DATA TO EXAMINE below:

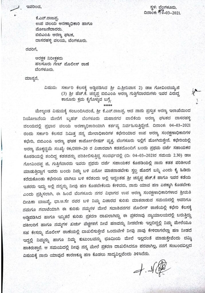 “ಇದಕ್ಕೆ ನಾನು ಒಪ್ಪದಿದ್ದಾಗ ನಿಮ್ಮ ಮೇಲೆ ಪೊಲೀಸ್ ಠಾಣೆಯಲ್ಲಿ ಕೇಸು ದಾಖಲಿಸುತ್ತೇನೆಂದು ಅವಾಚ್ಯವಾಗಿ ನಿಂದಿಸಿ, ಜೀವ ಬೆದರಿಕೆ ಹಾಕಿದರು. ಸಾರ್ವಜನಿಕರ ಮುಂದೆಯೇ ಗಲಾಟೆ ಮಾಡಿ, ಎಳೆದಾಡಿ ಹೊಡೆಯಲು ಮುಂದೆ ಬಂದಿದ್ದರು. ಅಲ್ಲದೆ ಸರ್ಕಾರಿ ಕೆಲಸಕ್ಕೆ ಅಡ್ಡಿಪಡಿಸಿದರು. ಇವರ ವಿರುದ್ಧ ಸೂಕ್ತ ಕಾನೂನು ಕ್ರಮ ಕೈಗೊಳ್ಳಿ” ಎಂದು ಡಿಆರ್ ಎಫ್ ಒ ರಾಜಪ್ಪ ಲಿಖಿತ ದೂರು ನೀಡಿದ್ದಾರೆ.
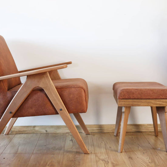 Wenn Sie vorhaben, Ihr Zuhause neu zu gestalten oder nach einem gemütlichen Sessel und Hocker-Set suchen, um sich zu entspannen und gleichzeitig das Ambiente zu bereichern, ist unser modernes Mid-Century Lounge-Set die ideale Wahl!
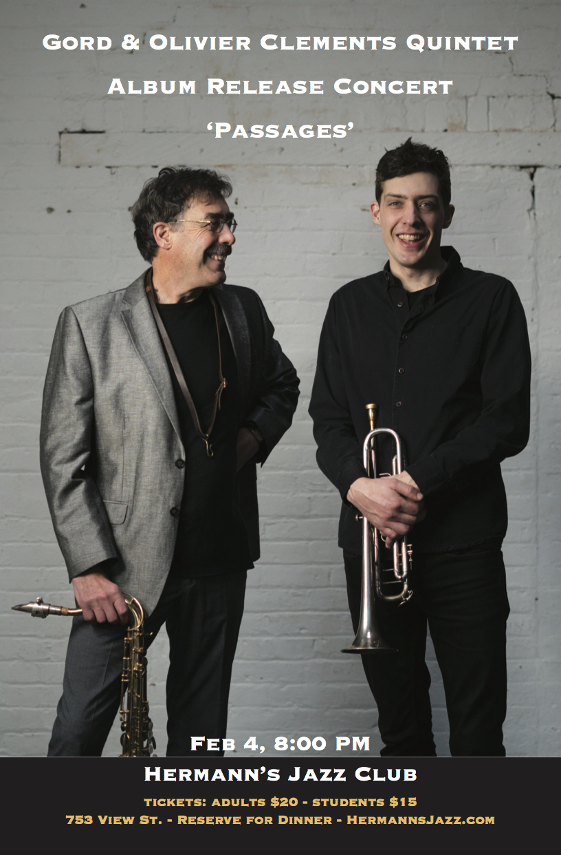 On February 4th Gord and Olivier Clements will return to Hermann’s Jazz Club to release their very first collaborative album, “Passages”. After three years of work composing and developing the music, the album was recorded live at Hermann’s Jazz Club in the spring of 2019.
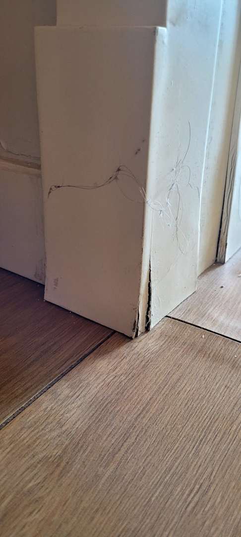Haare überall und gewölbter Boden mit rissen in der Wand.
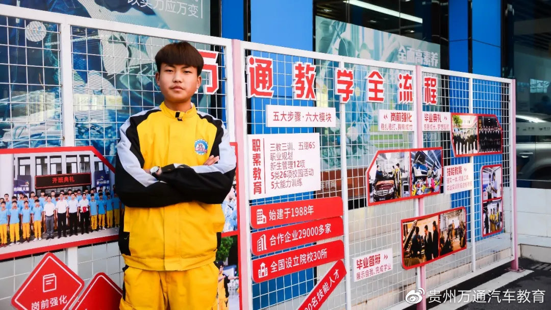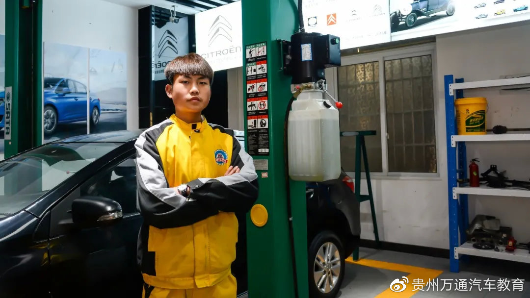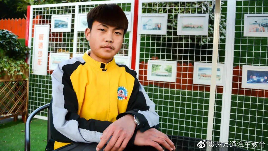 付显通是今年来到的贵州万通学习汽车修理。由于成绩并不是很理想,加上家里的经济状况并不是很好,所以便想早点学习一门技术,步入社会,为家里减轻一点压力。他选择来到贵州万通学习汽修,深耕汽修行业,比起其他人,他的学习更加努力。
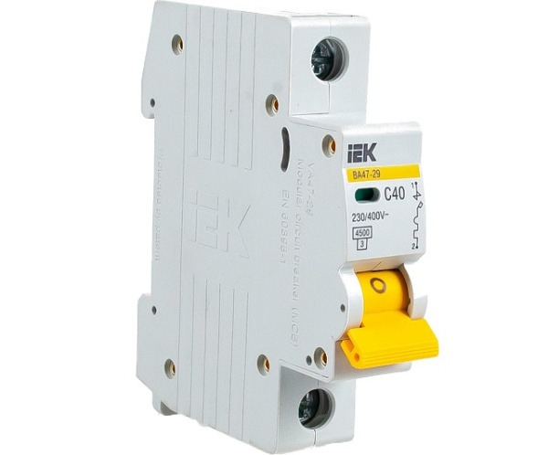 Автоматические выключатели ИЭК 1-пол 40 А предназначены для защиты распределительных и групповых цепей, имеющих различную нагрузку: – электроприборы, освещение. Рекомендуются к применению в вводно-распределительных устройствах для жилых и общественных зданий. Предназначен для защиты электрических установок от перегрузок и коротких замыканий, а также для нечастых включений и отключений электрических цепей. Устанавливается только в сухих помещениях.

End of DATA TO EXAMINE.

◆ REQUIRED ACTION:
Here the requirement is to restate exactly the line holding "付显通是今年来到的贵州万通学" and every later line through the end of the material, omitting pictures.

◆ EXERCISE RESPONSE:
 付显通是今年来到的贵州万通学习汽车修理。由于成绩并不是很理想,加上家里的经济状况并不是很好,所以便想早点学习一门技术,步入社会,为家里减轻一点压力。他选择来到贵州万通学习汽修,深耕汽修行业,比起其他人,他的学习更加努力。
 Автоматические выключатели ИЭК 1-пол 40 А предназначены для защиты распределительных и групповых цепей, имеющих различную нагрузку: – электроприборы, освещение. Рекомендуются к применению в вводно-распределительных устройствах для жилых и общественных зданий. Предназначен для защиты электрических установок от перегрузок и коротких замыканий, а также для нечастых включений и отключений электрических цепей. Устанавливается только в сухих помещениях.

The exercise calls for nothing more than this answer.